● **Your task**
Return every record below exactly; leave out the images.

*** Begin section ***

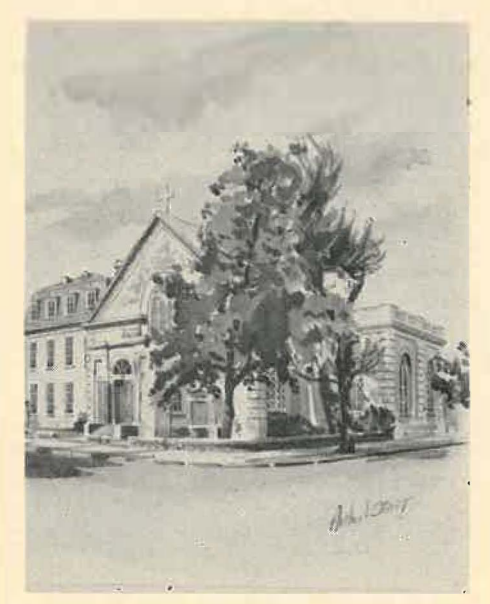
CHURCH OF THE HOLY COMMUNION CHARLESTON, SOUTH CAROLINA

Sun HC 8, 9:30, 11 MP & Ser; 4 Ev Special Music; Weekday HC Mon, Tues, Thurs & Fri 12:10; Wed 8, 1:10 & 5:15; Saints' Days 8. EP Mon, Tues Thurs & Fri 5:15. Church open daily 8 to 8.
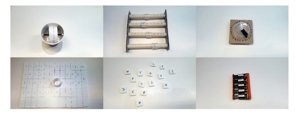
Fig. 1. The six co-designed conceptual prototypes used during the evaluation

Our research was structured into two main components: data gathering and evaluation. The data gathering consisted of demonstrative interviews from the target demographic and two group discussion sessions with a local branch of the Norwegian rheumatism association with 49 users. The collected data material included audio recordings of group discussions, field notes from observations, photographs, and transcripts from interviews. This data was used in a thematic analysis where we attempted to structure essential challenges. Based on the data gathering sessions, six conceptual prototypes were co-designed with the users to serve as thinking tools. These prototypes (depicted in Fig. 1) were designed to learn more about the capabilities of the users and help us reflect about the assumptions about the users and should therefore not be considered as end-results. The prototypes were used to carry out a task-based formative evaluation of performance and preference when interacting with alternative tangible text input interfaces. The evaluation sessions were carried out at the homes or care facilities of the participants. 15 people struggling with various forms of rheumatic challenges constituted the user group (average age of 71.4 years), while 11 health practitioners or HCI experts formed the expert group. The procedure for both the thematic analysis and the evaluation are further described in the next section.
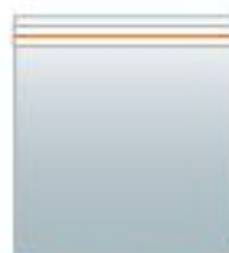
PLASTIC STORAGE BAG One gallon, re-sealable, clear One bag per person
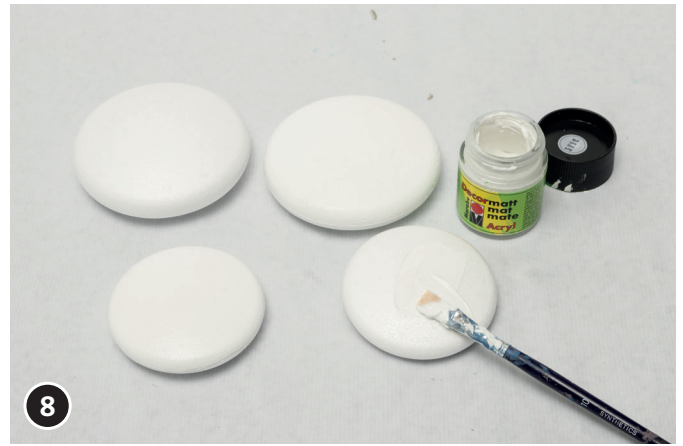
8 Prime the styrofoam medallions with white paint.
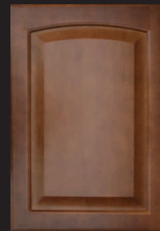
Raised Panel Arch Top
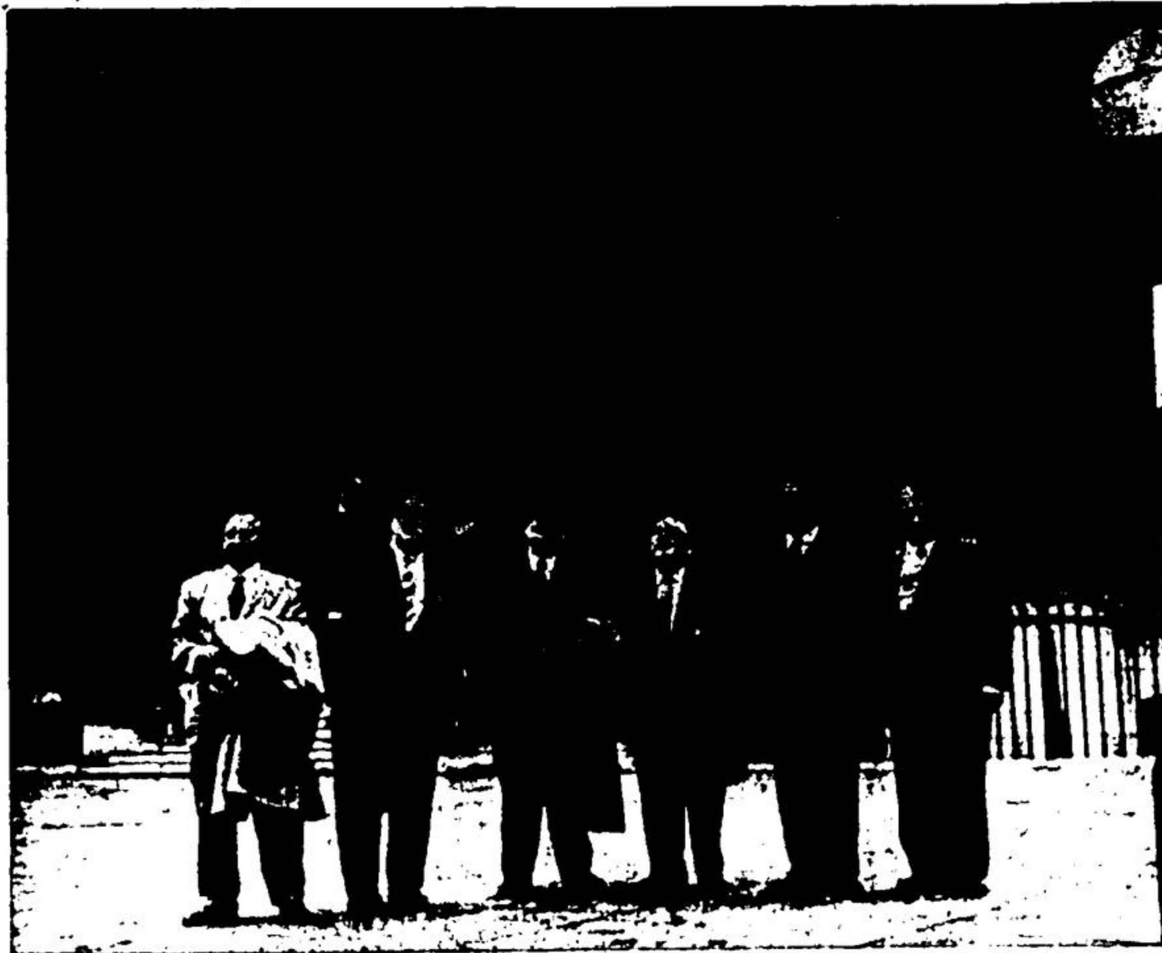
CANADIAN FARMERS IN LONDON
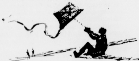
Kite Flying...the villagers opt for personal wind craft constructed of heavy canvas and galvanized pipe.
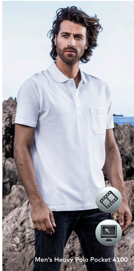
Men's Heavy Polo Pocket 4100

Timeless piqué polo with chest pocket and button panel with 3 tone-in-tone buttons, open sleeve cuffs and side slits, produced of combed cotton. The polo has a casual cut.
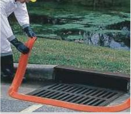
A person works to prevent a spill from entering a storm sewer (DAWG, 2000)

Identify potential spill or source areas, such as loading and
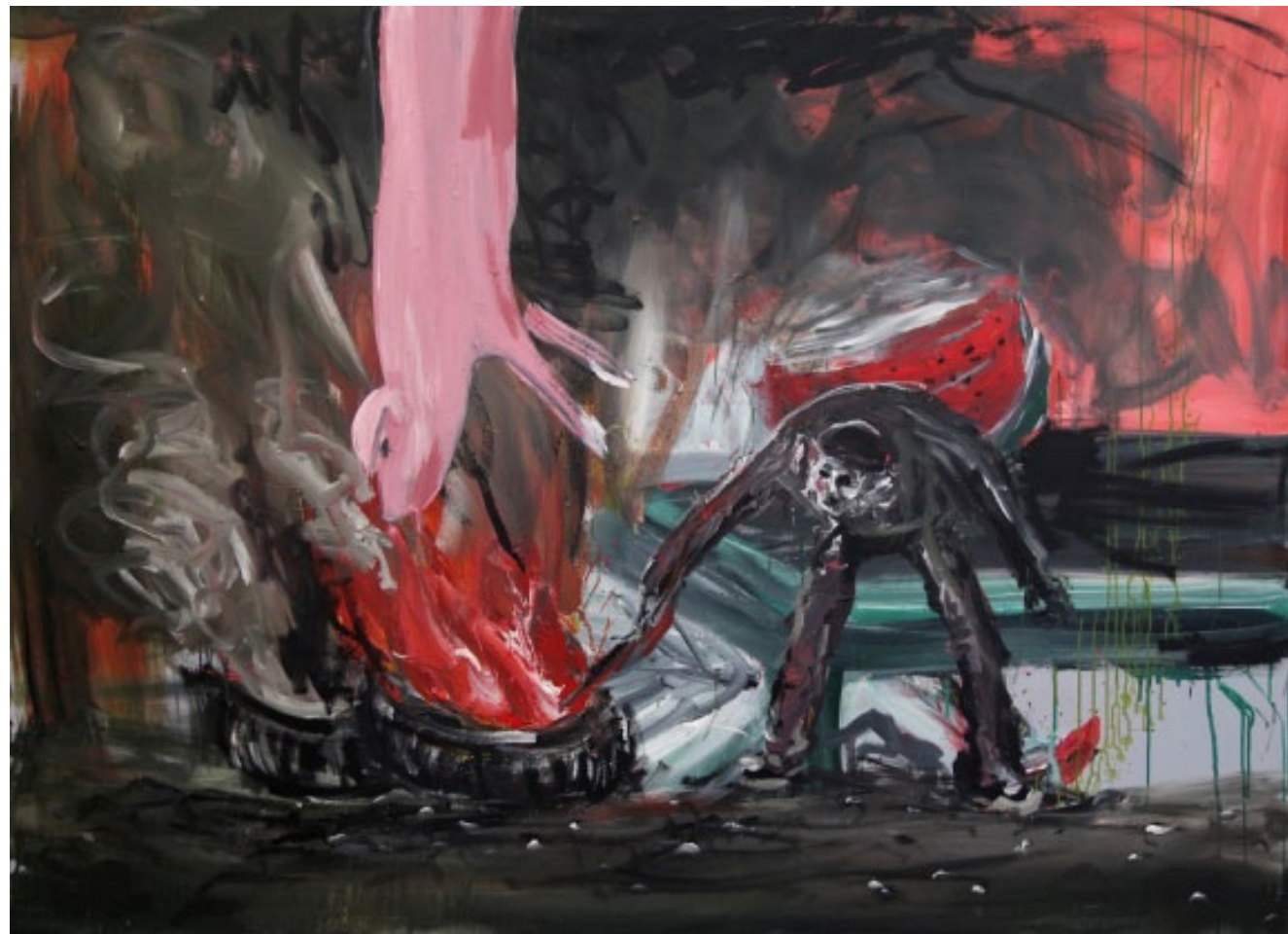
Barbecuing for Vegetarians, 2011, acrylic on canvas, 142 x 192 cm

Photoshop and digital media alike are just another medium. If they facilitate the artist's ambitions or enhance their developments, then why not use them, as David Hockney did. This being said, no medium can ever replace another – technical or technological progressions are not used exclusively over older methods.

*** End section ***

● **Exercise result**
CHURCH OF THE HOLY COMMUNION CHARLESTON, SOUTH CAROLINA

Sun HC 8, 9:30, 11 MP & Ser; 4 Ev Special Music; Weekday HC Mon, Tues, Thurs & Fri 12:10; Wed 8, 1:10 & 5:15; Saints' Days 8. EP Mon, Tues Thurs & Fri 5:15. Church open daily 8 to 8.
Fig. 1. The six co-designed conceptual prototypes used during the evaluation

Our research was structured into two main components: data gathering and evaluation. The data gathering consisted of demonstrative interviews from the target demographic and two group discussion sessions with a local branch of the Norwegian rheumatism association with 49 users. The collected data material included audio recordings of group discussions, field notes from observations, photographs, and transcripts from interviews. This data was used in a thematic analysis where we attempted to structure essential challenges. Based on the data gathering sessions, six conceptual prototypes were co-designed with the users to serve as thinking tools. These prototypes (depicted in Fig. 1) were designed to learn more about the capabilities of the users and help us reflect about the assumptions about the users and should therefore not be considered as end-results. The prototypes were used to carry out a task-based formative evaluation of performance and preference when interacting with alternative tangible text input interfaces. The evaluation sessions were carried out at the homes or care facilities of the participants. 15 people struggling with various forms of rheumatic challenges constituted the user group (average age of 71.4 years), while 11 health practitioners or HCI experts formed the expert group. The procedure for both the thematic analysis and the evaluation are further described in the next section.
PLASTIC STORAGE BAG One gallon, re-sealable, clear One bag per person
8 Prime the styrofoam medallions with white paint.
Raised Panel Arch Top
CANADIAN FARMERS IN LONDON
Kite Flying...the villagers opt for personal wind craft constructed of heavy canvas and galvanized pipe.
Men's Heavy Polo Pocket 4100

Timeless piqué polo with chest pocket and button panel with 3 tone-in-tone buttons, open sleeve cuffs and side slits, produced of combed cotton. The polo has a casual cut.
A person works to prevent a spill from entering a storm sewer (DAWG, 2000)

Identify potential spill or source areas, such as loading and
Barbecuing for Vegetarians, 2011, acrylic on canvas, 142 x 192 cm

Photoshop and digital media alike are just another medium. If they facilitate the artist's ambitions or enhance their developments, then why not use them, as David Hockney did. This being said, no medium can ever replace another – technical or technological progressions are not used exclusively over older methods.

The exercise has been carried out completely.